In this series of articles, I’m doing a walkthrough of a hobby project I’ve worked on, a payment system for the Ethereum blockchain. Go read the intro article for more context about this project.
In this part, I will cover the following topics:
- Connecting a crypto wallet via a frontend, and detecting states in MetaMask
- Backend endpoints needed to manage wallet connections, wallet signature, and JSON Web Tokens.
- Data models for users.
You will find that there isn’t much complexity in this article. Authenticating a crypto wallet is most about calling methods from the wallet API from the frontend, and then passing data around between the frontend and the backend for verification.
Connecting a Crypto Wallet
Whatever software you build that will have to interact with the Ethereum blockchain, either reading data or transacting, you’ll need to connect to an Ethereum node to access the Ethereum blockchain.

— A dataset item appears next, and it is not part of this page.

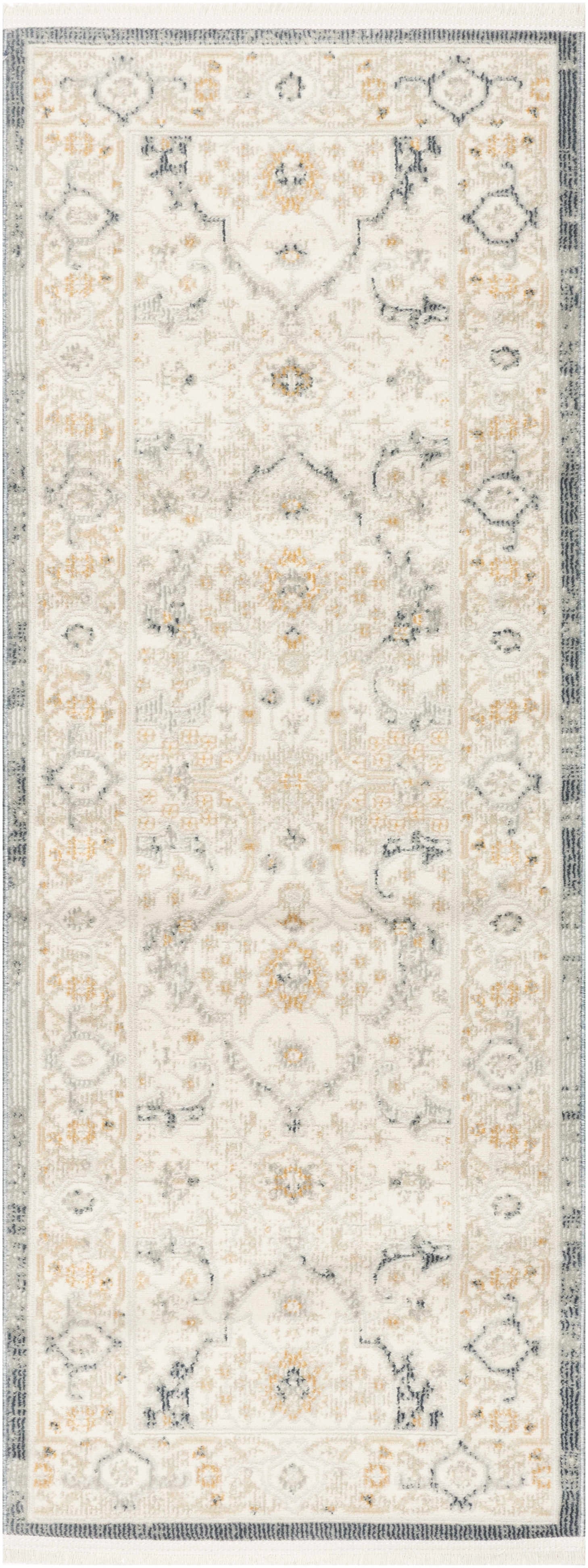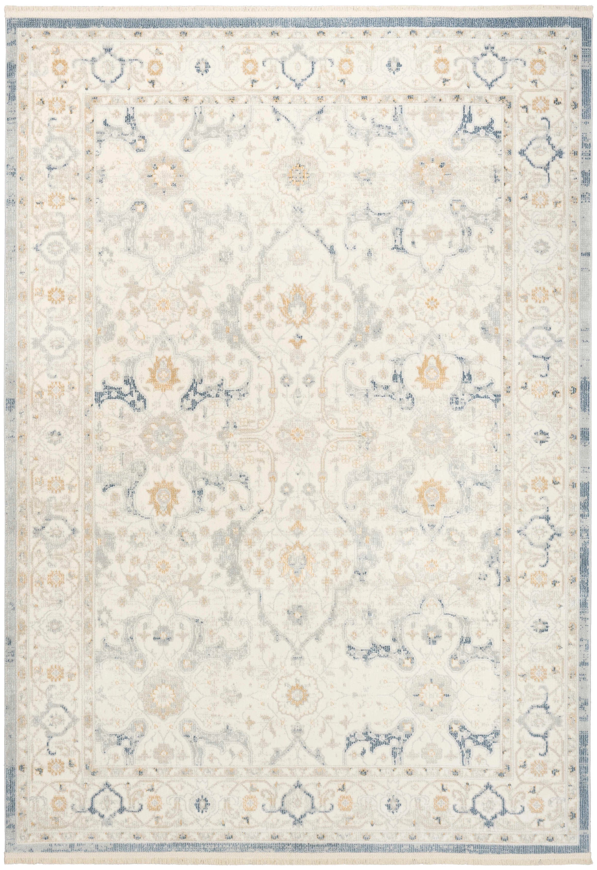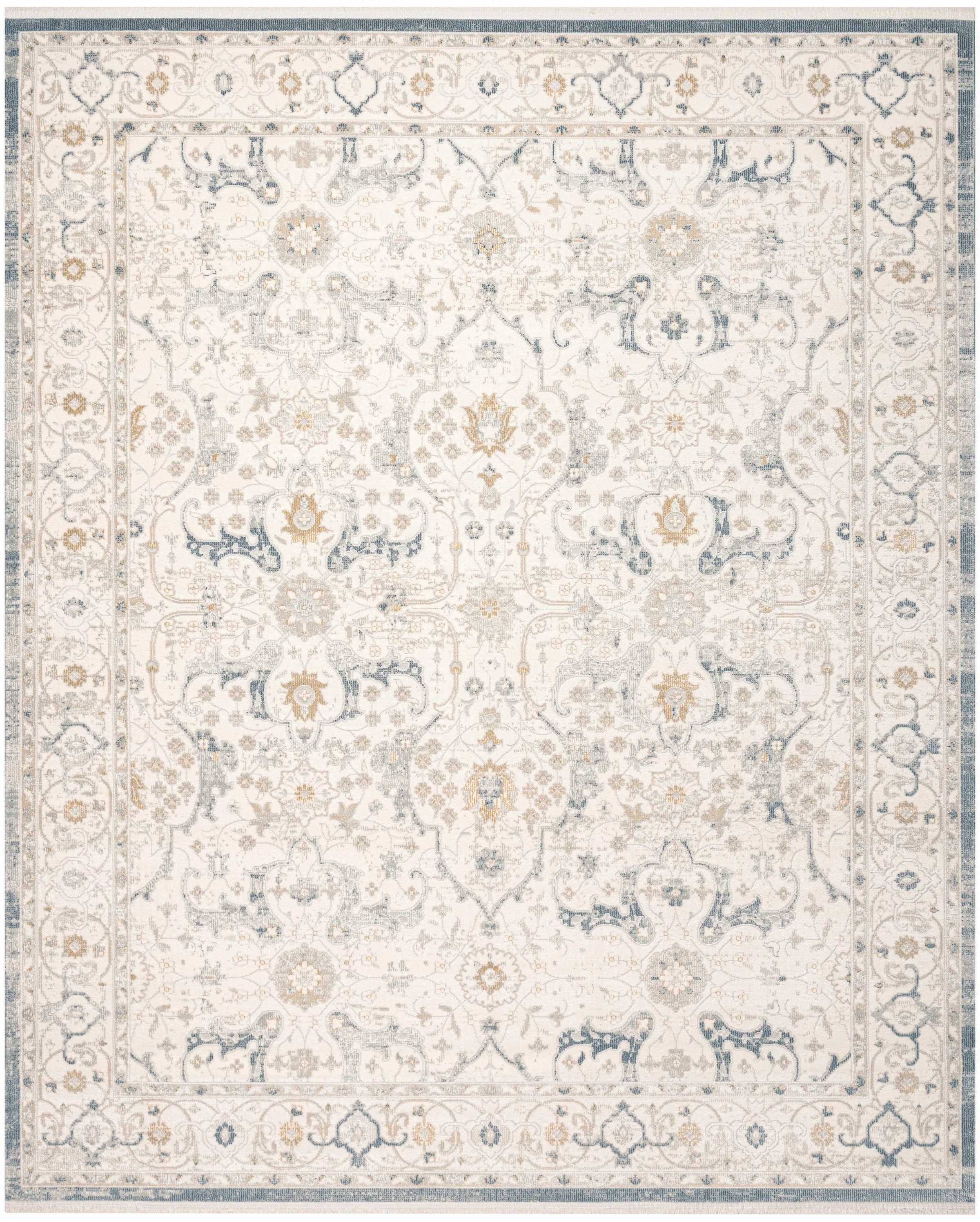 Description: Create a calming backdrop for your furnishings with this vintage-style light blue rug from the Isabeau collection. The ornate floral pattern, complete with soft tonal variations and fringe edges, adds an elegant touch that works beautifully in modern, farmhouse, and cottagecore decor.

For most use cases, you won’t be running your own Ethereum node, and you won’t be calling directly any Ethereum node either. Instead you’ll use a third party that offers a centralized point of access to the blockchain: you connect to their backend servers, which are connected to the blockchain. It’s kind of counter-intuitive that we have to use centralized third party providers when you think about it given that one of the core tenets of the blockchain is that it’s fully decentralized, but that’s what we have to deal with these days.
As a human user of the blockchain, you need a crypto wallet to initiate various actions and execute smart contracts. Every Ethereum client implements the same JSON-RPC specifications, which is the standard that applications can rely on to interact with the blockchain.